Der Antragsgegner berechnete die Einkommensteuer 1997 unter Berücksichtigung von Einkünften aus nichtselbständiger Arbeit von 69.035,– DM, Einkünften aus Vermietung und Verpachtung von ./. 59.861,– DM, der Spekulationsgewinne von 232.645,– DM und eines Gesamtbetrages der Einkünfte von 241.819,– DM mit Bescheid vom 08.02.1999 auf 101.912,– DM. Gegen diesen Bescheid legte der Antragsteller Einspruch ein und begehrte den Abzug des 1998 entstandenen Spekulationsverlustes. Nach Zurückweisung seines Einspruchs und eines von ihm beim Antragsgegner gestellten Antrags auf Aussetzung der Vollziehung hat er Klage erhoben – über die noch nicht entschieden ist – und einen Antrag auf Aussetzung der Vollziehung beim Gericht gestellt.
Die Einkommensteuer für 1998 setzte der Antragsgegner durch Bescheid vom 06.07.1999 bei Einkünften aus nichtselbständiger Arbeit von 71.670,– DM, Einkünften aus Vermietung und Verpachtung von ./. 68.045,– DM, einem Gesamtbetrag der Einkünfte von 3.625,– DM sowie einem zu versteuernden Einkommen von ./. 4.331,– DM auf 0,– DM fest. Den entstandenen Spekulationsverlust ließ der Antragsgegner außer Ansatz. Der Antragsteller legte auch gegen diesen Bescheid Einspruch ein. Über diesen Einspruch ist noch nicht entschieden.
Der Antragsteller ist der Auffassung, daß der Antragsgegner zu Unrecht einen Verlustrücktrag verweigere. Er verweist auf die Entscheidung des Bundesverfassungsgerichts – BVerfG – vom 30.09.1998 zu § 22 Nr. 3 Satz 3 Einkommensteuergesetz – EStG – und die Neuregelung des § 23 Abs. 3 Satz 7 EStG, die für die Veranlagungszeiträume ab 1999 einen Abzug der Spekulationsverluste von Spekulationsgewinnen nach Maßgabe des § 10 d EStG zulasse.
Der Antragsteller beantragt sinngemäß,
die Vollziehung des Einkommensteuerbescheides 1997 vom 08.02.1999 auszusetzen.
Der Antragsgegner beantragt,
den Antrag abzuweisen.
Er trägt vor, der Beschluß des BVerfG vom 30.09.1998 finde auf die Vorschrift des § 23 Abs. 3 EStG keine entsprechende Anwendung. Die Neuregelung des § 23 Abs. 3 Satz 7 EStG sei auf Veranlagungszeiträume vor 1999 nicht anzuwenden.

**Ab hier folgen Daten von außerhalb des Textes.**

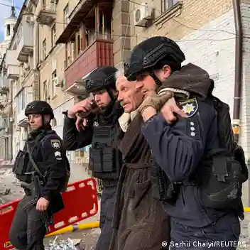 Policías evacuan a un hombre de un edificio atacado por los rusos el sábado 25 de abril.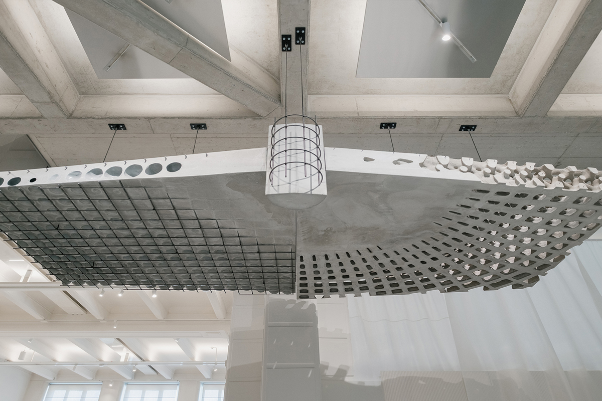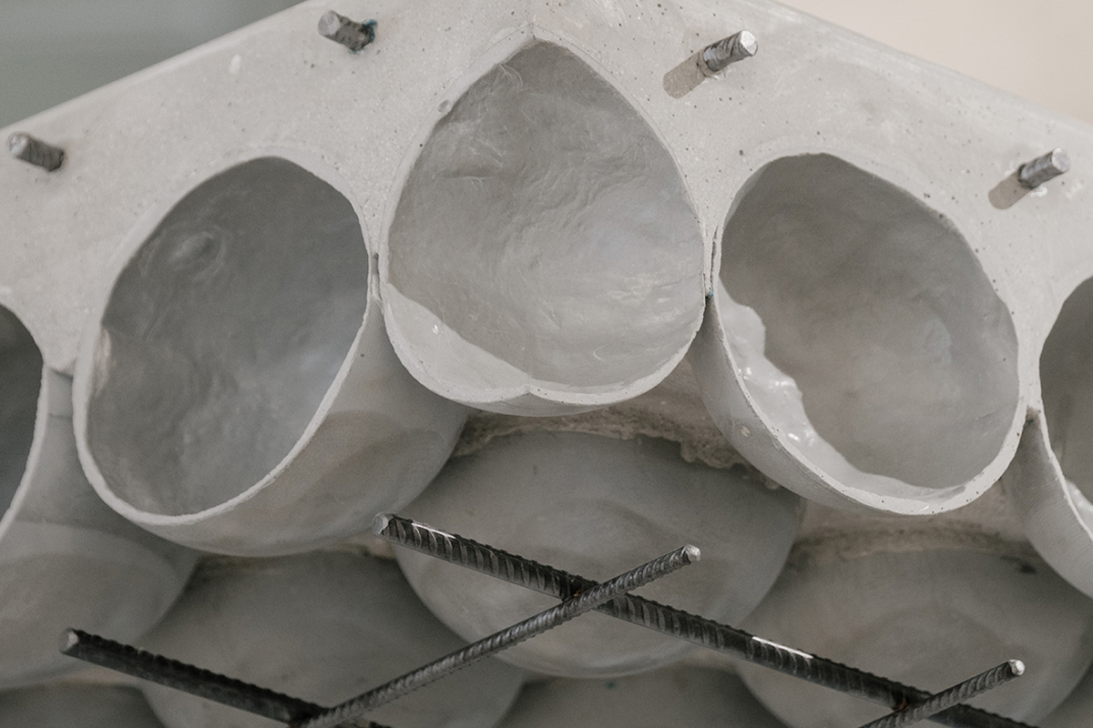 So we have developed methods for creating ‘pores’ or cavities in a controlled way, so material can be concentrated where it is most needed.” Two very different ways of achieving this have been used to create M212, a prototype developed by ILEK and Werner Sobek, and now on display at the Vienna Technical Museum. It is a 250mm-thick slab, the left half of which has been lightened by using carefully distributed hollow concrete spheres. The other half has been made by pouring concrete around specially developed soluble formwork.

Der Antrag ist zulässig und begründet.
I. Der angefochtene Einkommensteuerbescheid 1997 ist selbständig und nicht nur im Wege der Folgeaussetzung aussetzungsfähig. Er ist kein Folgebescheid zu einem Bescheid nach § 10 d EStG.
1. Nach Auffassung des Senats ist zwar bei Verlusten i. S. von § 23 Abs. 3 EStG ein Bescheid nach § 10 d EStG zu erlassen. Dies gilt für § 23 Abs. 3 EStG in der Fassung des Steuerentlastungsgesetzes 1999/2000/2002 vom 24.03.1999 (Bundesgesetzblatt – BGBl. – I 1999, 402) Denn § 23 Abs. 3 Satz 7 EStG verweist nicht nur auf den materiellen Inhalt von § 10 d EStG, sondern auch auf dessen verfahrensrechtliche Regelung. § 23 Abs. 3 Satz 7 EStG ist in derselben Weise verfahrensrechtlich umzusetzen wie § 15 Abs. 4 EStG (vgl.: Finanzgericht – FG – Münster, Urteil vom 02.05.1995 – 7 K 5815/92 E – Entscheidungen der Finanzgerichte – EFG – 1995, 973) und § 2 b EStG n. F., der – um überhaupt praktikabel zu sein – zwingend ein Festschreiben der negativen Einkünfte verlangt. Entsprechendes gilt für § 23 Abs. 3 EStG a. F., wenn man § 23 Abs. 3 Satz 4 EStG für verfassungswidrig und nichtig erachtet.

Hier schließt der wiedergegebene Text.